# Stored data entries
##############################
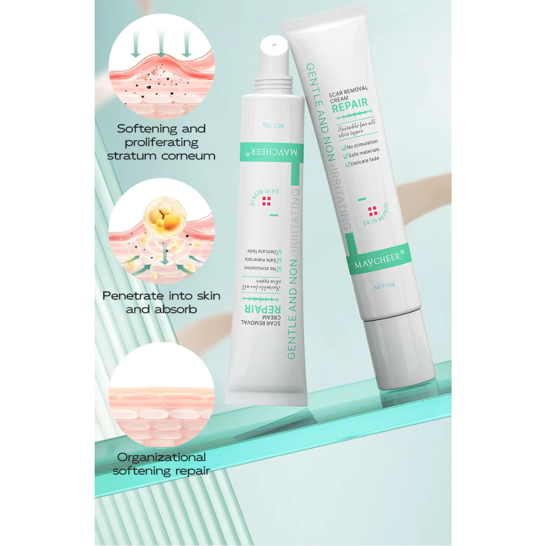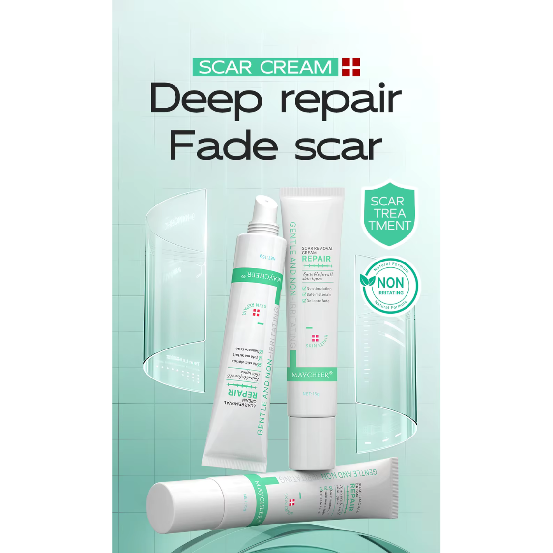 Description: Fade scars gently with MAYCHEER Scar Removal Repair Cream. Formulated for acne marks, surgical scars, and stretch marks, this non-irritating blend promotes skin regeneration and smooth texture. Ideal for daily use on all skin types.
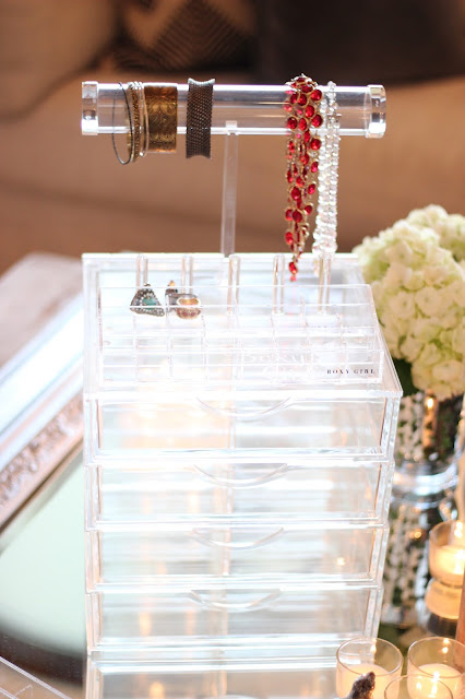 I also had the pleasure of viewing the latest products from Boxy Girl® this week and they are now live on the site. I am so in love with the new options for your Boxy Girl®. Hannah and her team have spent over a year developing the highest quality items that take your Boxy Girl® to another level. The newest items expand the Boxy Girl® making organizing your vanity a beautiful piece of art. The new items fit in or on top of the Boxy and organize your jewelry and makeup in a more stylish and efficient way.
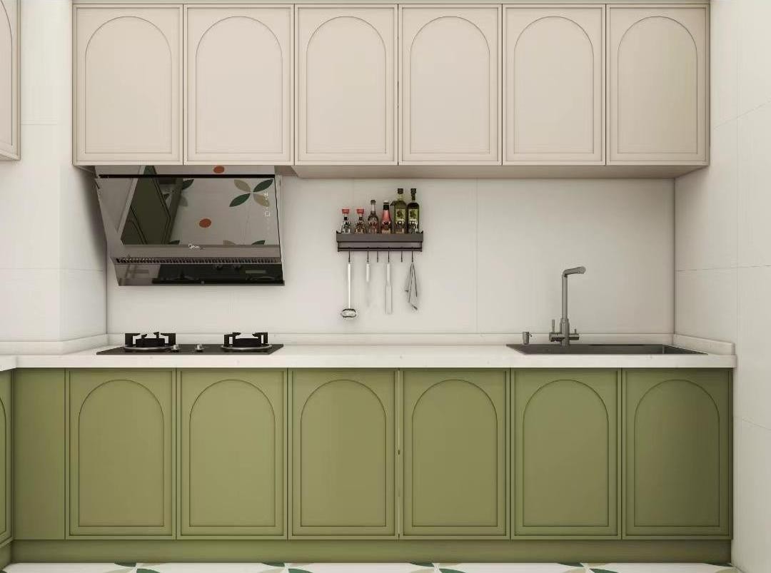抹茶绿地柜搭配米白色吊柜,增加收纳空间,橱柜门板采用法式造型设计,营造明亮轻快的烹饪氛围。
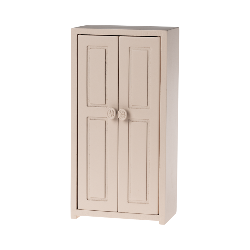 Mål. H.14 B.7 D. 4 cm. Materiale. TræSødt lillelegetøjsskab til børneværelset. Lyserødt miniature skab fra Maileg. Dette fine træskab er malet i en dejliglyserød farve. Har 2 lågersamt tre gyldne bøjler indeni til organisering af dit barns tø
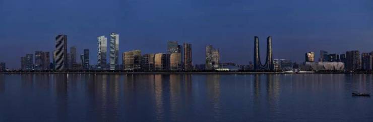 站在一览无余的玻璃窗向外望去,钱江新城的“日月同辉”与市民中心清晰可见,另一侧莲花碗、国博中心亦印刻眼前,一江两岸交相辉映,光芒闪耀。 这片黄金1.8公里江岸线,聚合着时代瞩目的恢弘地标,而IOC则占据着其中最为精华的0.54千米,成就整个奥体乃至杭州难以复刻的C位孤品。
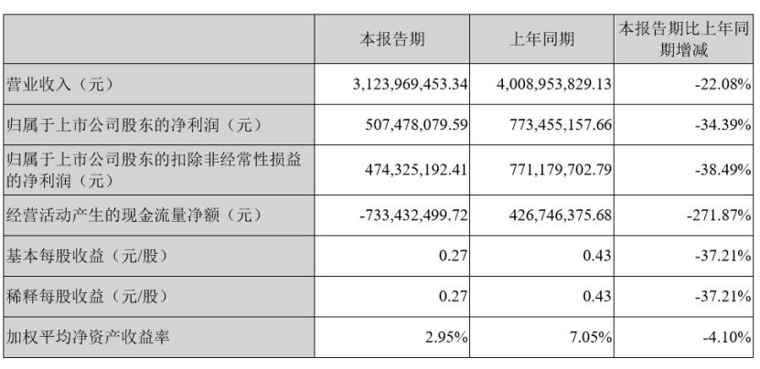 营业收入同比减少22.08%,为31亿元;归属于上市公司股东净利润同比减少34.39%,为5亿元;其现金流量净额更是同比减少了271%。
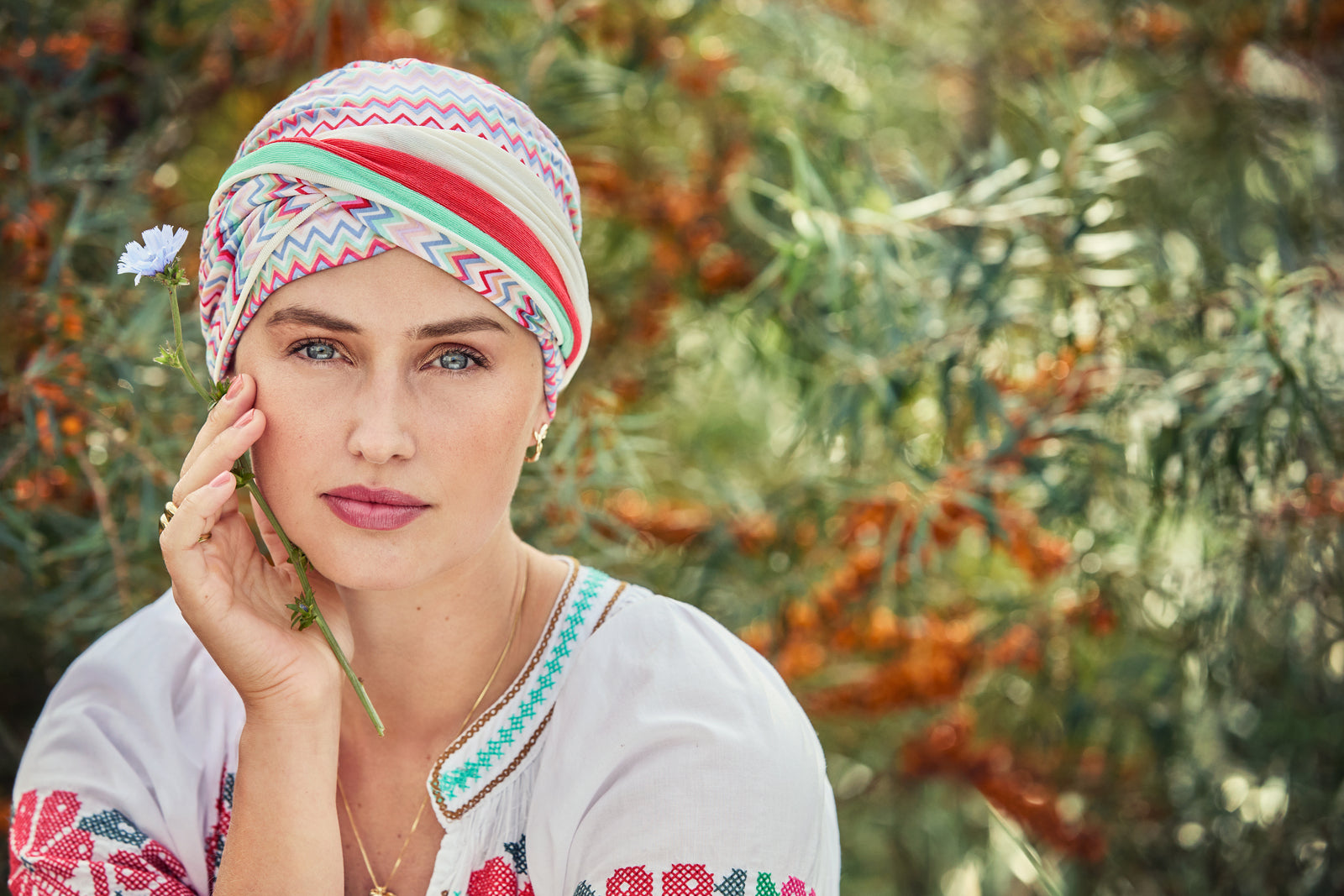 Tutti i turbanti e copricapo Christine Headwear sono ideati per essere utilizzati da donne che hanno perso i capelli a causa di malattie o trattamenti.
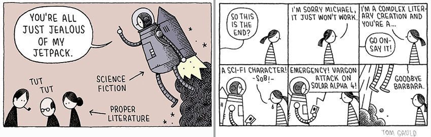 If there’s one thing I must be thankful to The Guardian for, it’s for introducing me to two of the finest and funniest cartoonists currently active, David Squires and Tom Gauld. While David Squires and his fiendishly clever, and caustic cartoons about the game of football (the one actually played with only the foot) are a tad outside the purview of a sci-fi column, Tom Gauld is not.
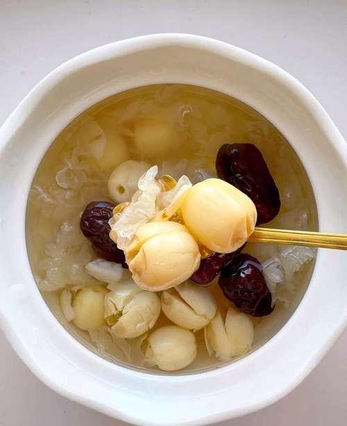 大火煮開后轉小火慢熬40分鐘,最后加入泡軟的百合和冰糖,再煮10分鐘即可;
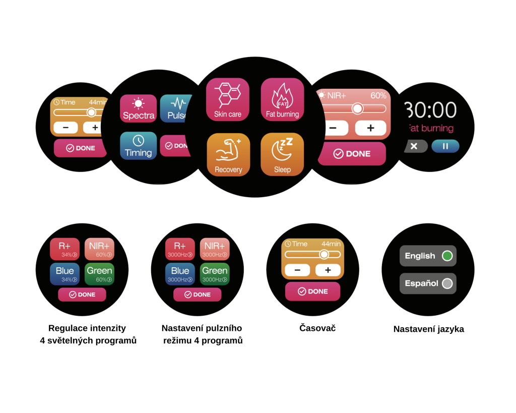 Efektivita: 7 vlnových délek (červené (630 + 660 nm), NIR (810 + 830 + 850 nm), modré (450 nm), zelené (528 nm), 4 programy a 7 přednastavených režimů
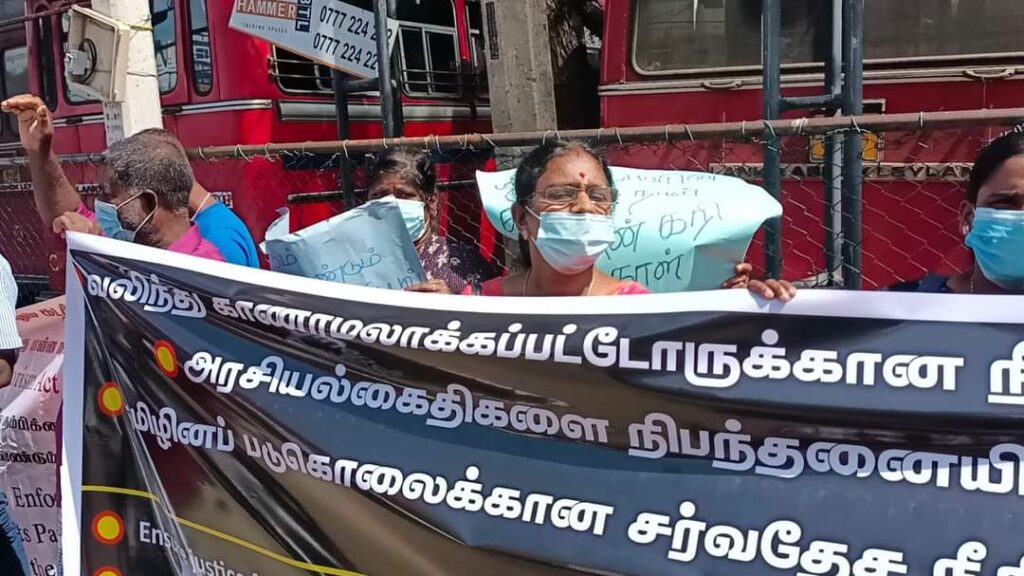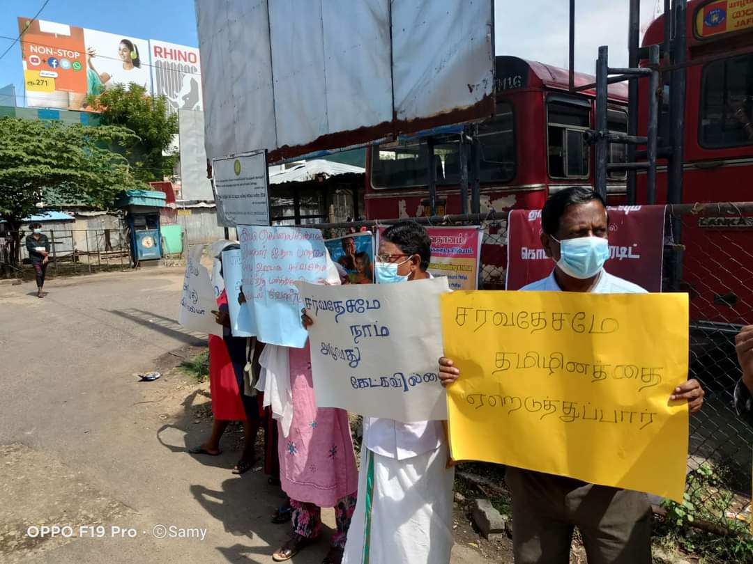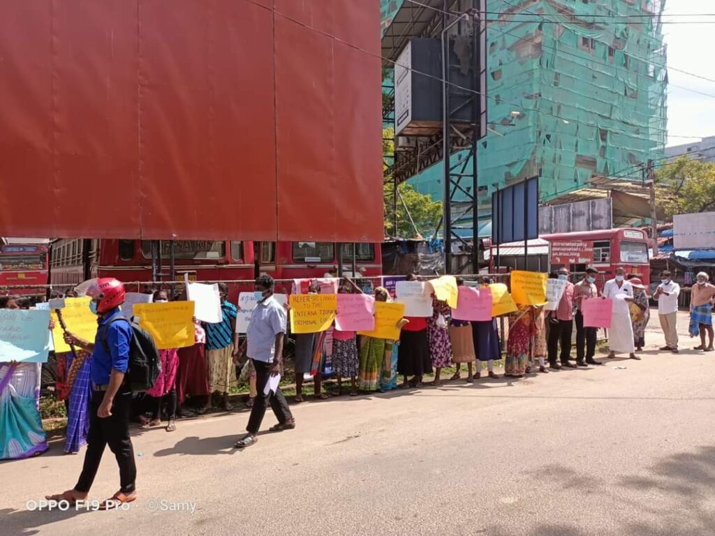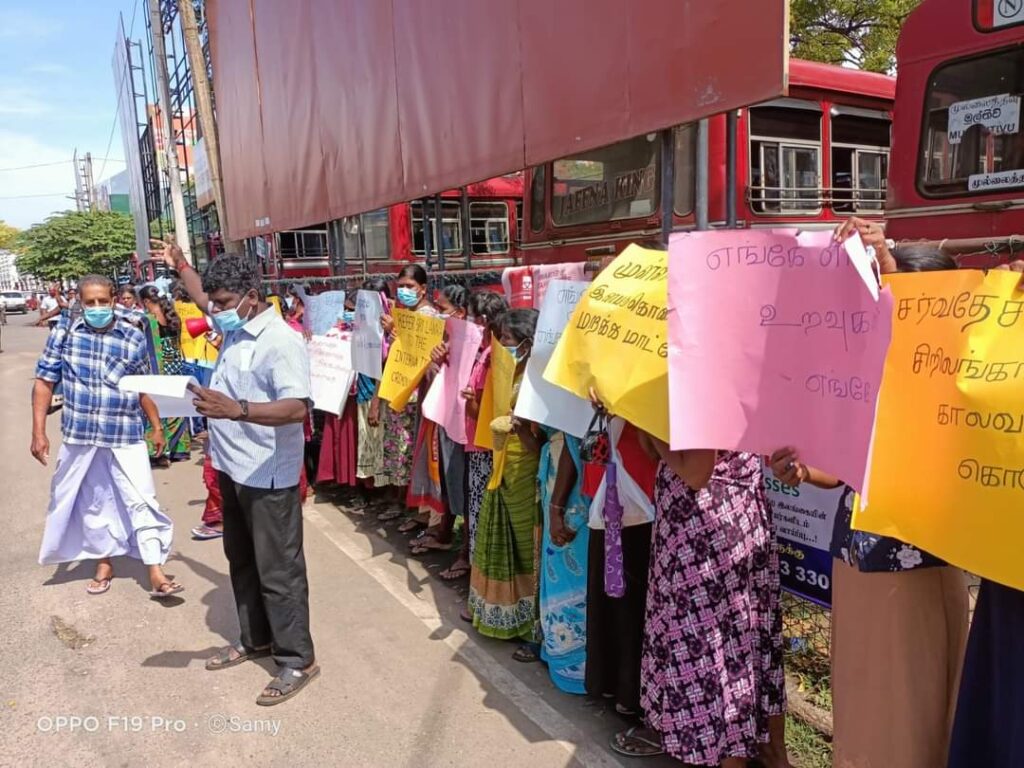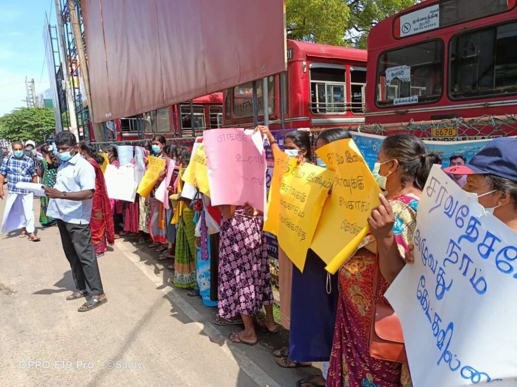 ஈழச்செய்திகள்சிறப்பு செய்திகள் யாழிலும் காணாமல் ஆக்கப்பட்டோரின் உறவுகள் போராட்டம்! By Admin - March 7, 2022 0 141 யாழ். பேருந்து நிலையத்திற்கு முன்பாக காணாமல் ஆக்கப்பட்ட உறவுகளுக்கு நீதி கோரி இன்று (07.03.2022) திங்கட்கிழமை அவர்களின் உறவுகளால் போராட்டம் ஒன்று முன்னெடுக்கப்பட்டது .
##############################
# Task directions
The answer is the lines above from the one with "Mål. H.14 B.7" to the one with "Efektivita: 7 vlnových", set down exactly, with no pictures.

# Solution to this task
 Mål. H.14 B.7 D. 4 cm. Materiale. TræSødt lillelegetøjsskab til børneværelset. Lyserødt miniature skab fra Maileg. Dette fine træskab er malet i en dejliglyserød farve. Har 2 lågersamt tre gyldne bøjler indeni til organisering af dit barns tø
 站在一览无余的玻璃窗向外望去,钱江新城的“日月同辉”与市民中心清晰可见,另一侧莲花碗、国博中心亦印刻眼前,一江两岸交相辉映,光芒闪耀。 这片黄金1.8公里江岸线,聚合着时代瞩目的恢弘地标,而IOC则占据着其中最为精华的0.54千米,成就整个奥体乃至杭州难以复刻的C位孤品。
 营业收入同比减少22.08%,为31亿元;归属于上市公司股东净利润同比减少34.39%,为5亿元;其现金流量净额更是同比减少了271%。
 Tutti i turbanti e copricapo Christine Headwear sono ideati per essere utilizzati da donne che hanno perso i capelli a causa di malattie o trattamenti.
 If there’s one thing I must be thankful to The Guardian for, it’s for introducing me to two of the finest and funniest cartoonists currently active, David Squires and Tom Gauld. While David Squires and his fiendishly clever, and caustic cartoons about the game of football (the one actually played with only the foot) are a tad outside the purview of a sci-fi column, Tom Gauld is not.
 大火煮開后轉小火慢熬40分鐘,最后加入泡軟的百合和冰糖,再煮10分鐘即可;
 Efektivita: 7 vlnových délek (červené (630 + 660 nm), NIR (810 + 830 + 850 nm), modré (450 nm), zelené (528 nm), 4 programy a 7 přednastavených režimů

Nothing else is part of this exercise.